Published in EXPLORE Magazine
The woods surrounding the long abandoned Haida village site of Kiusta are lovely, dark and deep. Shafts of sunlight probe this ancient rainforest’s dense emerald membrane of moss and lichens like celestial searchlights. Bald eagles, one of the two moieties of Haida society along with ravens, surf the thermals high above.
Here, on the edge of Xhaaidlagha Gwaayaai, the ‘Islands at the Edge of the World’ in the language of this mist shrouded archipelago's early inhabitants, indents in the soil, decayed red cedar longhouse beams and the remnants of a chief’s mortuary totem pole stand guard over the spirits. Amid them, shore pines with bizarrely horizontal branches sprout from the soil.
“We call them spirit trees because the only place we ever see them is in our old villages,” says Max Collison, a Haida Watchman who has agreed to show me this remote ruin on the northwestern tip of Graham Island, across from Langara Island. Assigned to protect important cultural sites, Watchmen like Max, a Raven Clan member, also interpret the myriad mysteries of Haida culture to visitors. “We believe that our ancestors come through the roots in the ground and up through these trees,” he adds, “reaching out to us from the past.”

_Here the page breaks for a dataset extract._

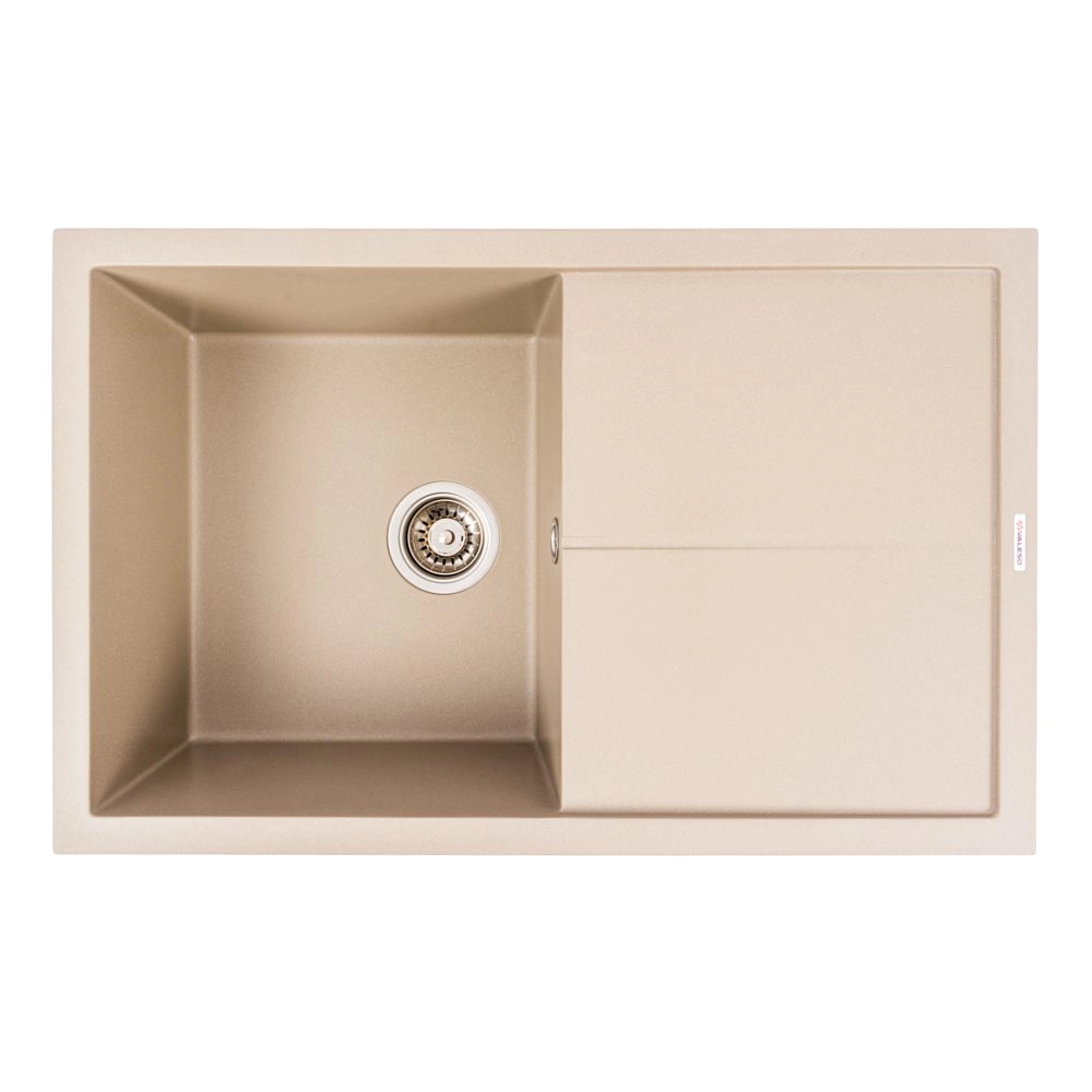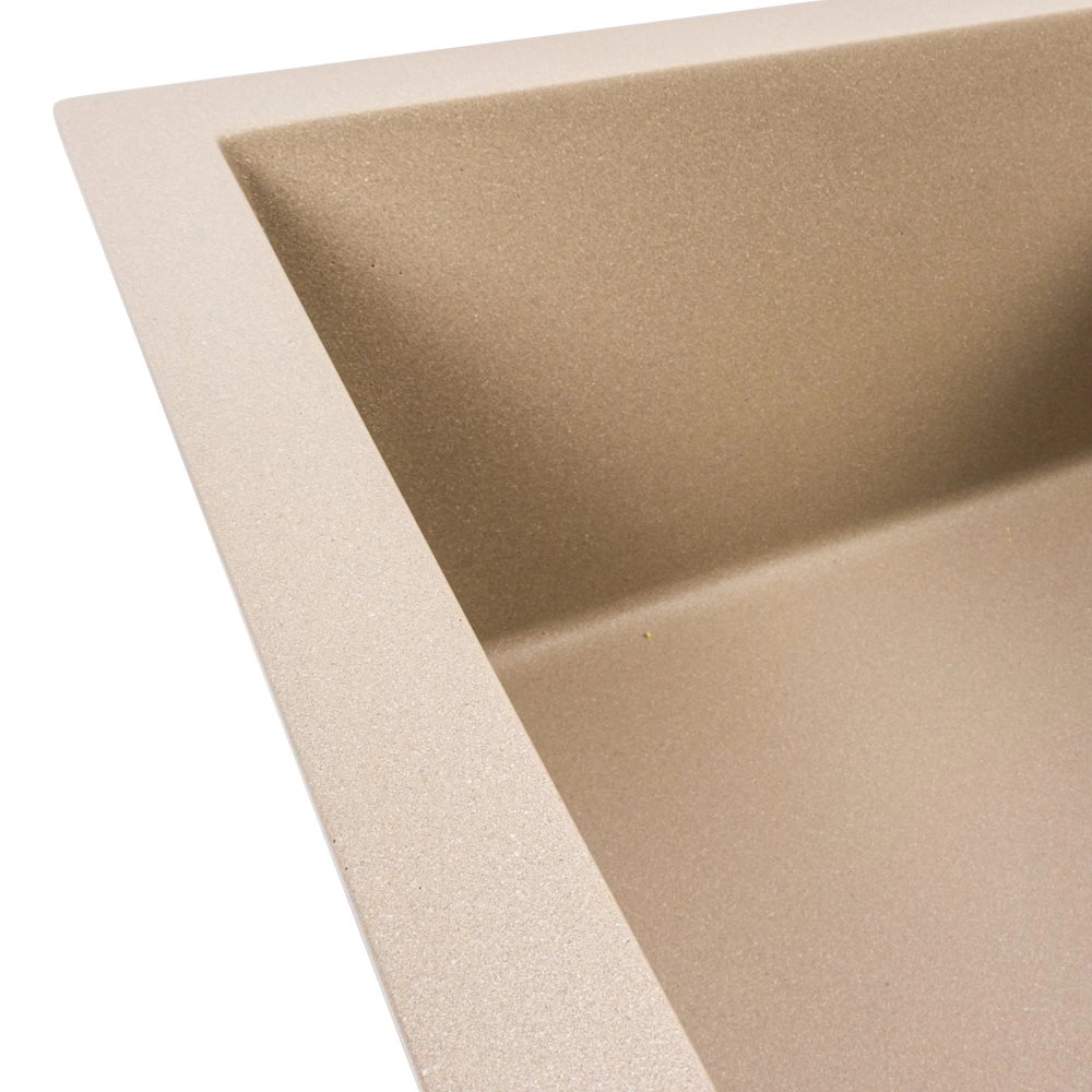 Мойка выполнена из искусственного камня, устойчивого к царапинам, перепадам температур и бытовой химии.

Once home to a population of around three hundred, Kiusta - which means ‘Where the tail comes out’ in Haida, was abandoned in the 1850s during one of the devastating smallpox epidemics that ravaged Haida Gwaii’s population after first contact Europeans in the late 18th century. I’ve journeyed here from Vancouver by charter jet, helicopter, fishing boat and outboard launch. Soon, you won’t have to venture further than your computer monitor or smartphone to savour the elemental beauty of this sacred spot. That’s because Google’s Trekker visually mapping technology has arrived in Haida Gwaii.
Following Max and me through the meandering forest trail between Kiusta and nearby Lepas Bay is a sturdy young man with an unwieldy apparatus on his back that weighs some twenty kilos. Tyler Clarke works for Northern BC Tourism, to which Google has lent out one of its precious Trekkers for the summer. Powered by brick-sized batteries carried in said backpack connected by a metal arm to a soccer ball sized sphere perched above its operator’s head, Trekker’s 15 cameras can snap 360-degree panoramic photos every 2.5 seconds. They’re saved to hard drives, then periodically sent to Google headquarters and eventually uploaded to Google Maps. It’s basically the off-road version of Google Street View, a Google Maps and Google Earth feature that offers panoramic views along many streets around the world.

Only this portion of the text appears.